15. The method of claim 14, further comprising the step of providing said collection of training data as pairs of ordered character sequence phoneme sequences.

16. The step of providing training data collection comprises: providing a plurality of input sequences including a phoneme sequence representing the pronunciation of a word formed by the character sequence; and selecting a selected one of the phonemes. Arranging with selected ones of the characters to define an arrayed character phoneme pair.

17. The method of claim 14, further comprising providing at least one associated phoneme pronunciation to an input string and using the decision tree to score the pronunciation based on the probability data. Method.

18. The method according to claim 18, further comprising the step of providing a plurality of related phoneme pronunciations to the input string and using the decision tree to select one of the plurality of pronunciations based on the probability data. 14 methods.
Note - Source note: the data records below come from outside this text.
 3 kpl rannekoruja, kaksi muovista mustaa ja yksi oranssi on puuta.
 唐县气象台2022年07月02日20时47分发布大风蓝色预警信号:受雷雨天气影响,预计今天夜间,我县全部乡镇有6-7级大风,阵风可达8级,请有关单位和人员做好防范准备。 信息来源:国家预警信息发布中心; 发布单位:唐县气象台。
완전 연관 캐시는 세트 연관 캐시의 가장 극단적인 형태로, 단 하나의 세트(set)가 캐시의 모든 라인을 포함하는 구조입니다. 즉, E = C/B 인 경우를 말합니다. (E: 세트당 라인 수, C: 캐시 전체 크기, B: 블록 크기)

19. The method according to claim 19, further comprising the step of providing a plurality of associated phonemic pronunciations to an input character string indicative of a word, and using the decision tree to generate a speech transcript of the word based on the probability data. Item 14. The method according to Item 14.
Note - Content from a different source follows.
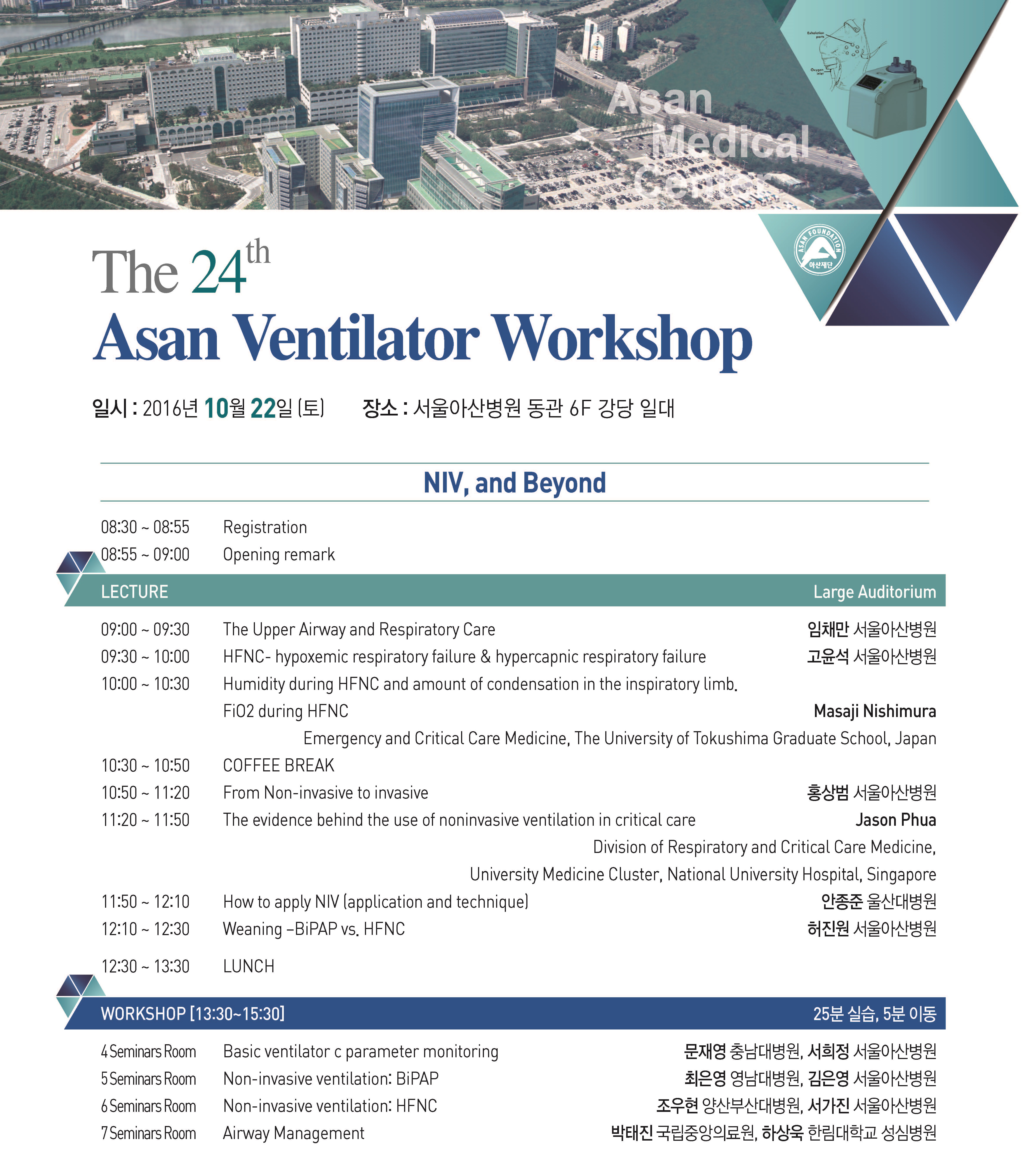 올해로 24번째 진행하는 The 24th Asan Ventilator Workshop 을 개최 합니다.

20. The method of claim 19, further comprising using the speech transcription to place a dictionary associated with a speech recognizer.
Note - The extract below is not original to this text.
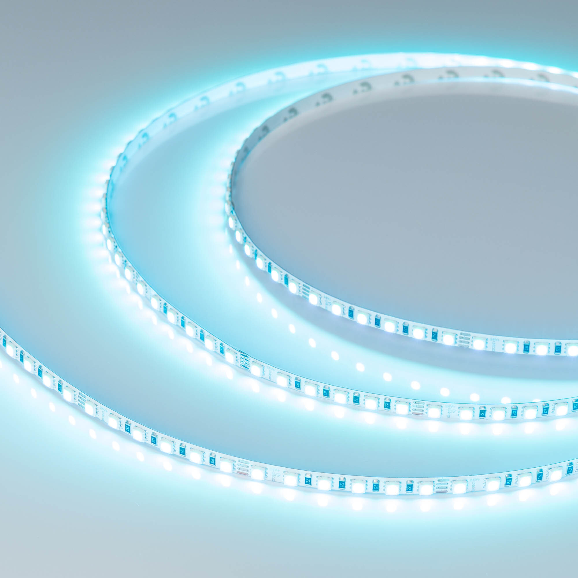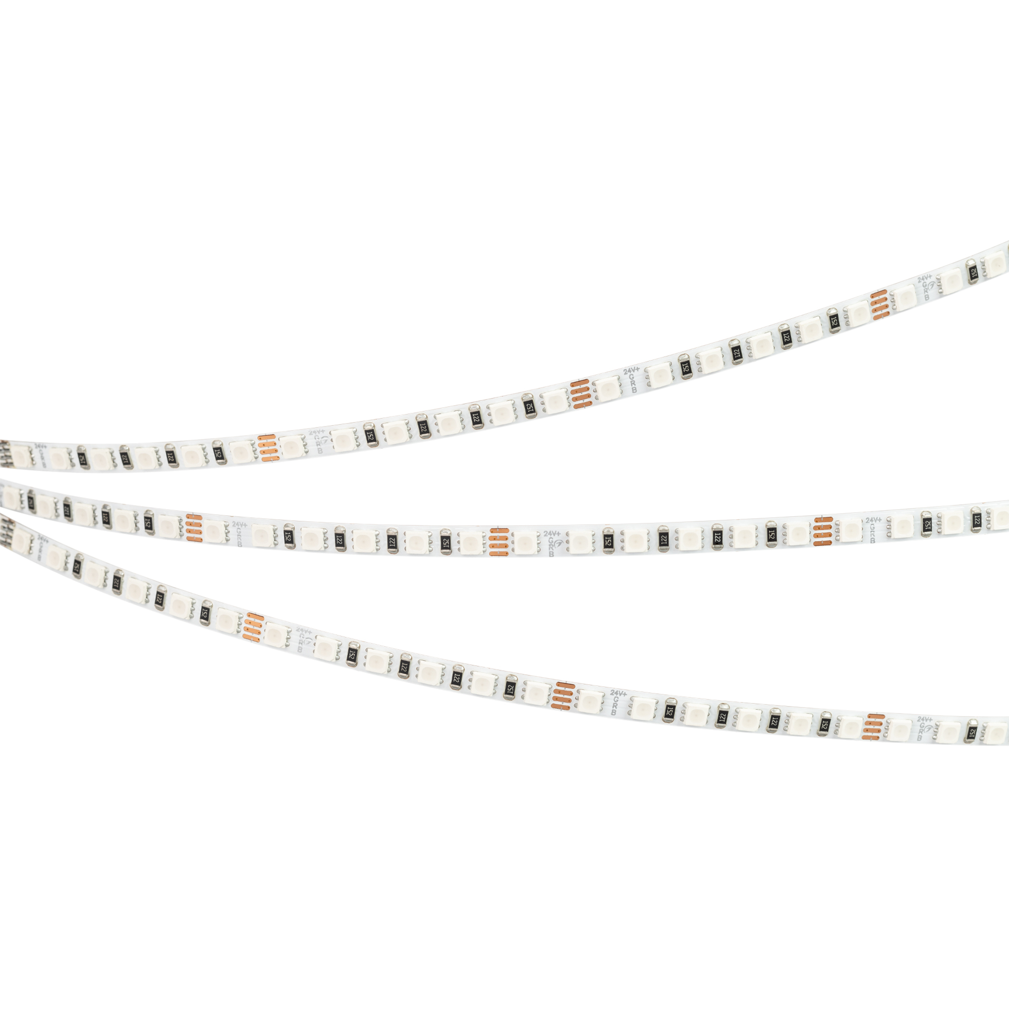 Мультицветная лента серии RT G120. Светодиоды SMD 3838, 120 шт/м, белая плата шириной 5 мм, скотч 3M. Цвет RGB. Питание 24 В, мощность 7.5 Вт/м (37.5 Вт на 5 м), угол 120°. Размеры 5000x5x1.9 мм. Мин. отрезок 50 мм, 6 светодиодов. Цена за 1 м. Обязательна установка на профиль.

21. The method of claim 14, further comprising the step of providing a plurality of associated phoneme pronunciations to an input string representing a word, and assigning a numerical score to each of said plurality of pronunciations using said decision tree. the method of.

22. An apparatus for generating at least one phonetic pronunciation for an input character sequence that forms a word selected from a predetermined alphabet and adheres firmly to a predetermined syntax. An input device receiving syntax data indicative of the syntax of the words in the sequence; a computer storage device storing a plurality of text-based decision trees comprising questions indicative of predetermined characteristics of the input sequence; The predetermined characteristic, comprising a character-related question relating to the sequence, and further including a characteristic selected from a group consisting of a syntax-related question, a context-related question, a dialect-related question or a combination thereof; Predetermined input sequence The text-based decision tree comprising internal nodes representing gender questions; the text-based decision tree further comprising leaf nodes indicating probability data associating each of the characters with a plurality of phoneme pronunciations; and processing the input character sequence. And a text-based pronunciation generator for generating a first set of phonetic pronunciations corresponding to the input character sequence based on the text-based decision tree. Characteristic speech pronunciation generation device.

23. A phoneme coupled to the text-based pronunciation generator for processing the first set, generating a second set of scored phonetic pronunciations indicative of at least one phonetic pronunciation of the input sequence. 23. The apparatus of claim 22, further comprising a mixed tree score evaluator.